With or without S9-Mix	Test substance concentration (μg/plate)	Mean number of revertant colonies per plate (average of 3 plates)
		TA 1535	TA 1537	TA 98	TA 100	WP2 uvrA
-	Neg. control	18	10	26	142	51
-	0	19	13	25	126	52
-	33	19	11	26	122	49
-	100	15	12	26	120	48
-	333	18	8	24	117	48
-	1000	12	10	22	121	49
-	2500	15P	12P	27P	121P	56P
-	5000	11P	9P	22P	111P	46P
Positive controls - S9	Name	NaN3	4-NOPD	4-NOPD	NaN3	MMS
	Concentration per plate	10 μg	50 μg	10 μg	10 μg	3.0 μL
	Number of colonies/plate	2008	91	415	2037	353
+	Neg. control	18	13	30	170	49
+	0	19	10	37	152	56
+	33	16	12	37	144	53
+	100	17	9	36	157	56
+	333	16	12	33	151	58
+	1000	15	10	38	145	57
+	2500	18P	11P	33P	133P	55P
+	5000	14P	12P	26P	151P	48P
Positive controls + S9	Name	2-AA	2-AA	2-AA	2-AA	2-AA
	Concentration per plate	2.5 μg	2.5 μg	2.5 μg	2.5 μg	10 μg
	Number of colonies/plate	304	204	1691	2358	203

 

NaN3 = Sodium azide

MMS = Methyl methane sulfonate

4-NOPD = 4-nitro-o-phenylene-diamine

2-AA = 2-aminoanthracene

P = Precipitate

 

Applicant's summary and conclusion

Conclusions:

Interpretation of results (migrated information):
negative

Under the conditions of this study, the test substance SH-1 was shown to be non-mutagenic in bacteria.

Executive summary:

This study was performed to investigate the potential of SH-1 to induce gene mutations in the plate incorporation test (experiment I) and the pre-incubation test (experiment II) using the Salmonella typhimurium strains TA 1535, TA 1537, TA 98, and TA 100, and the

Escherichia coli strain WP2 uvrA.

The assay was performed in two independent experiments both with and without liver microsomal activation. Each concentration, including the controls, was tested in triplicate.
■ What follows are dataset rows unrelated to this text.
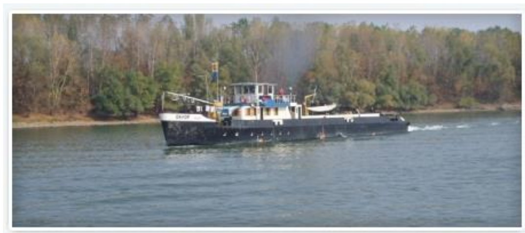
Slika 25: Dunavski Lloyd – Sisak d.o.o.

Dunavski Lloyd nastavlja dugu tradiciju riječnog brodarstva u Sisku koji je od svog nastanka prije dvadesetčetiri stoljeća uvijek bio značajan centar razvoja riječnog brodarstva. Okružen rijekama ,Sisak je bio prirodno pogodan da se razvije u značajnu riječnu luku,a zapisano je da je bio sjedište rimske riječne flotile u vrijeme Rimskog Carstva.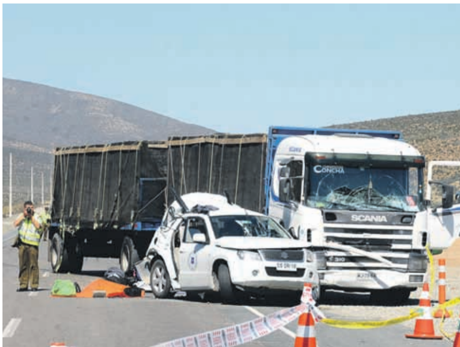
El trágico día en que las dos funcionarias del Serviu perdieron la vida luego del accidente en La Higuera.

Llega un minuto en el que no puede contener la emoción. Las lágrimas afloran cuando recuerda el lugar en donde se encontraban en esos tiempos, el mismo en el que el pasado fin de semana le tocó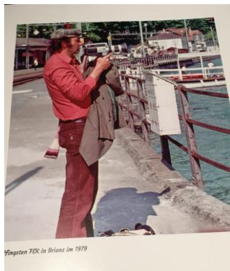
Fliegten FEX in Brissac im 1979

Der in Fachkreisen weltweit bekannte «Mister Pullman», Alby Glatt (1933-2014), war vor allem aufgrund seiner Leidenschaft für die alten, glorreichen europäischen Luxuszüge bekannt. Als Eisenbahnliebhaber ist er damit der Begründer der Renaissance der Luxuszüge in Europa. Er sammelte seit Anfang der 1970er Jahre Wagen der Compagnie Internationale des Wagons-Lits (CIWL) und Rheingold-Originalwagen der Deutschen Reichsbahn aus den 1920er und 1930er Jahren und liess sie mit Detailversessenheit in den Zustand ihrer Auslieferung restaurieren. Diesen Wagenpark setzte er unter dem Namen «Nostalgie Istanbul Orient-Express» für Fern- und Rundreisen international ein.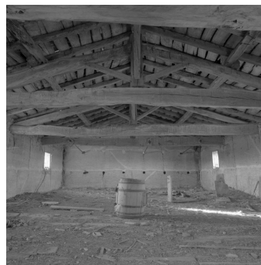
Vue intérieure du grenier, sous la charpente. IVR82_20034200208X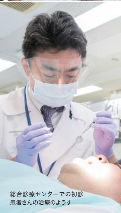
総合診療センターでの初診患者さんの治療のようす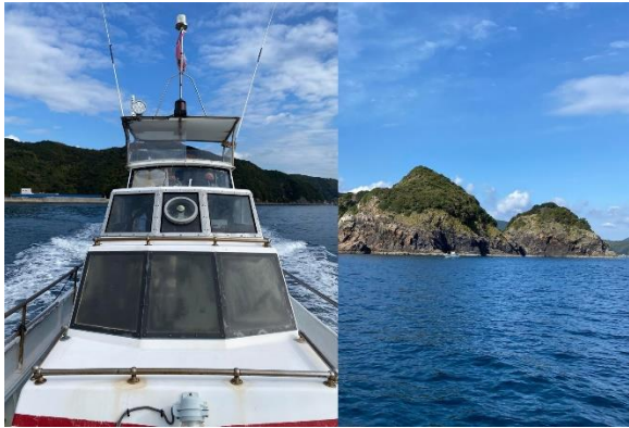
漁船に乗って漁師さんとクルージング&海釣り体験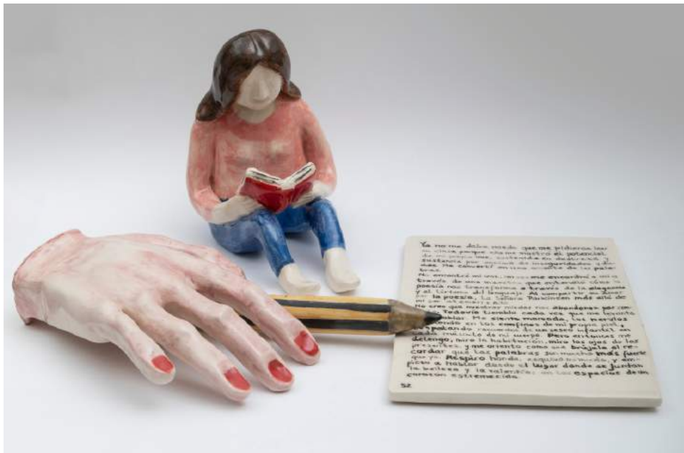
LECTORA Cerámica esmaltada 250 USD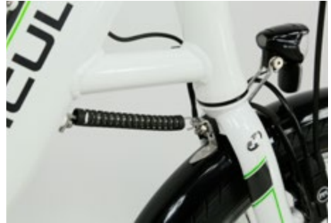
Abb. 10 Lenkungsdämpfer

Wird ein Pedelec 25 auf einem Zweibeinständer abgestellt, hat in der Regel das Vorderrad keinen Kontakt zum Boden und schwebt frei. Ein Lenkungsdämpfer stabilisiert die Vordergabel in Fahrtrichtung beim Abstellen und verhindert damit ein unkontrolliertes Verdrehen des Lenkers. Somit wird das Beschädigen von z. B. elektrischen Leitungen und Bowdenzügen vermieden.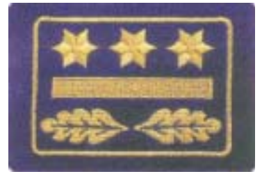
Abb. 26 Branddirektor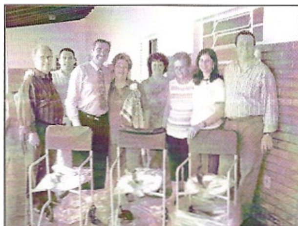
Entrega de cadeiras de banho ao Recanto dos Velhinhos pelo Rotary Club de Macatuba durante a visita do governador com sua esposa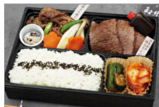
特撰 黒毛和牛焼肉とすき焼き弁当(タレ)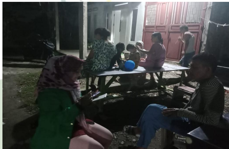
Wawancara dengan masyarakat Pematang Johar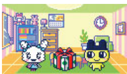
ダウンロードしたアイテムをプレゼントできる！

また、友だちと通信することで、友だちの育てているたまごっちキャラクター（以下、「たまとも」と自分の「たまとも」が一緒に「記念写真」が撮れたり、友だちの「たまとも」に「プロポーズ」することも可能になり、『Tamagotchi iD L』の通信遊びで、友だちとの新しいコミュニケーションをお楽しみいただけます。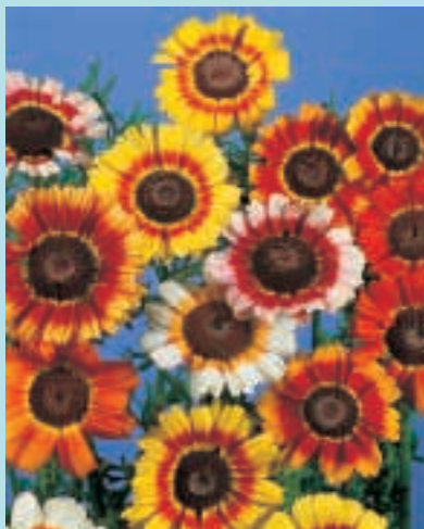
Nr. 3694 Chrysanthemum carinatum Enkele gemengd

3743 Zilverprinsesje, 40 cm Wit. 1.000 zaden 5,00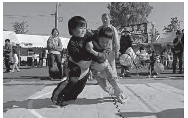
男子の部は力が入った熱戦が繰り広げられました

12日には男女の部に分かれての「ちびっ子すもも大会」が開かれ、体の小さな子が大きな子に負けじと向かって行く姿に、会場からは「頑張れ！」と熱い声援が上がっていました。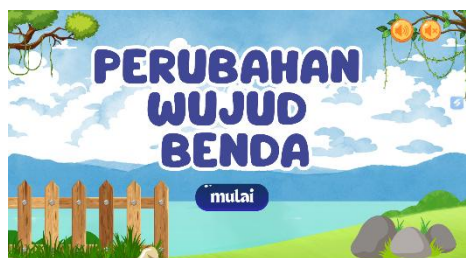
Gambar 1. Tampilan Halaman Utama Multimedia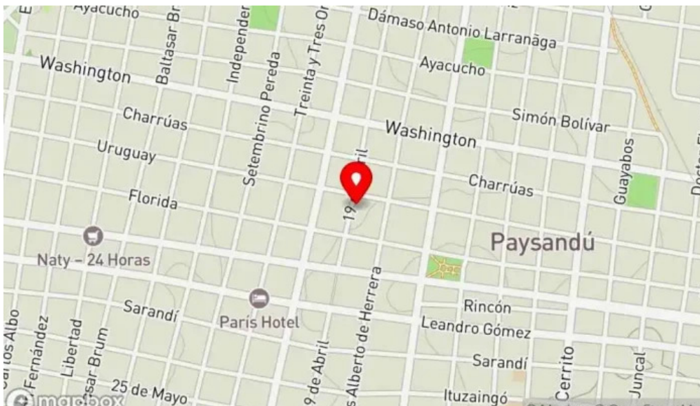
Trinca brewer mapa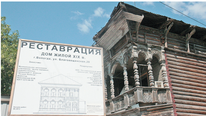
Специалисты называют этот дом одним из наиболее интересных памятников деревянного зодчества в Вологде.

Начальник управления историко-культурного наследия департамента культуры и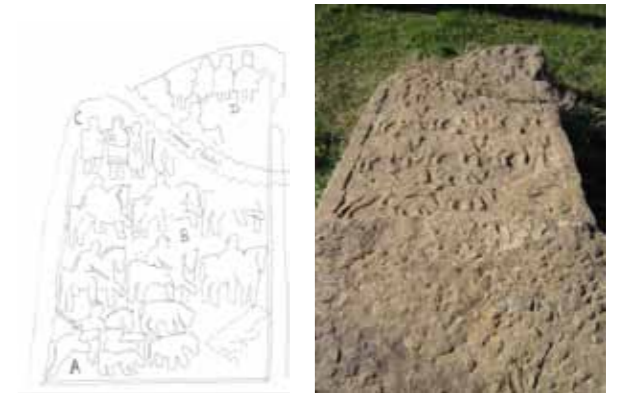
La Stèle Lybico – berbère de Tazrut chez les Ath Amar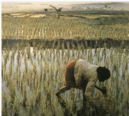
Возделывание заливного риса. Ява.

стороны общеиндонезийской культуры и втягиваются в социальное и экономич. развитие страны. В кон. 19 в. началось массовое обращение их в христианство, часть сохраняет традиц. верования в рамках «индуизма»; обращение в ислам, как правило, вело к их ассимиляции.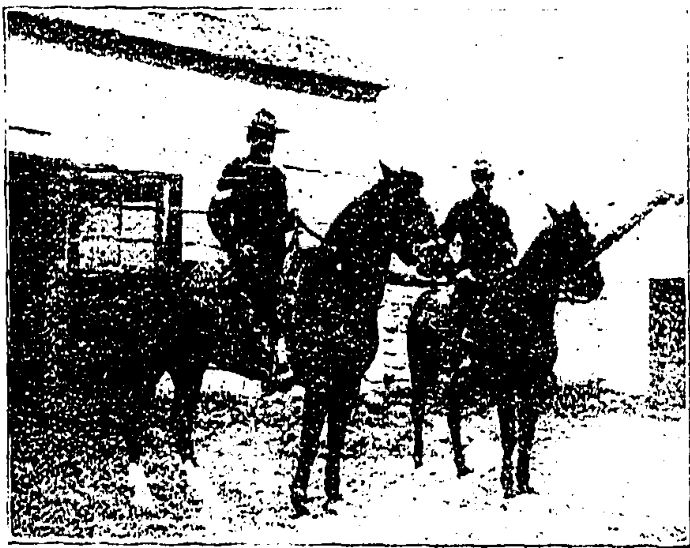
Manadische berittene Polizei. (Mit Text.)

„Soll das vielleicht eine Drohung sein?“ fragte der Erzbischof mit strengem Gesicht.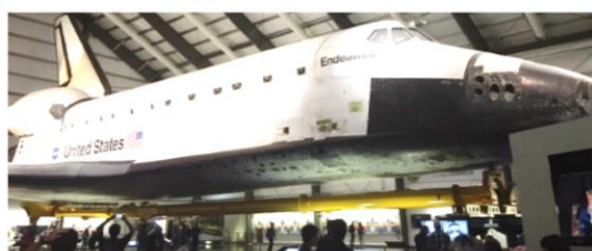
カリフォルニア科学博物館

The test item was tested at the following concentrations:

Pre-Experiment/Experiment I: 3; 10; 33; 100; 333; 1000; 2500; and 5000 µg/plate

Experiment II: 33; 100; 333; 1000; 2500; and 5000 µg/plate

The plates incubated with the test item showed normal background growth up to 5000 µg/plate with and without metabolic activation in both independent experiments.

No toxic effects, evident as a reduction in the number of revertants (below the indication factor of 0.5), occurred in the test groups with and without metabolic activation.

No substantial increase in revertant colony numbers of any of the five tester strains was observed following treatment with SH-1 at any dose level, neither in the presence nor absence of metabolic activation (S9 mix). There was also no tendency of higher mutation rates with increasing concentrations in the range below the generally acknowledged border of biological relevance. Appropriate reference mutagens were used as positive controls and showed a distinct increase of induced revertant colonies.

In conclusion, it can be stated that during the described mutagenicity test and under the experimental conditions reported, the test item did not induce gene mutations by base pair changes or frameshifts in the genome of the strains used. Therefore, SH-1 is considered to be non-mutagenic in this Salmonella typhimurium and Escherichia coli reverse mutation assay.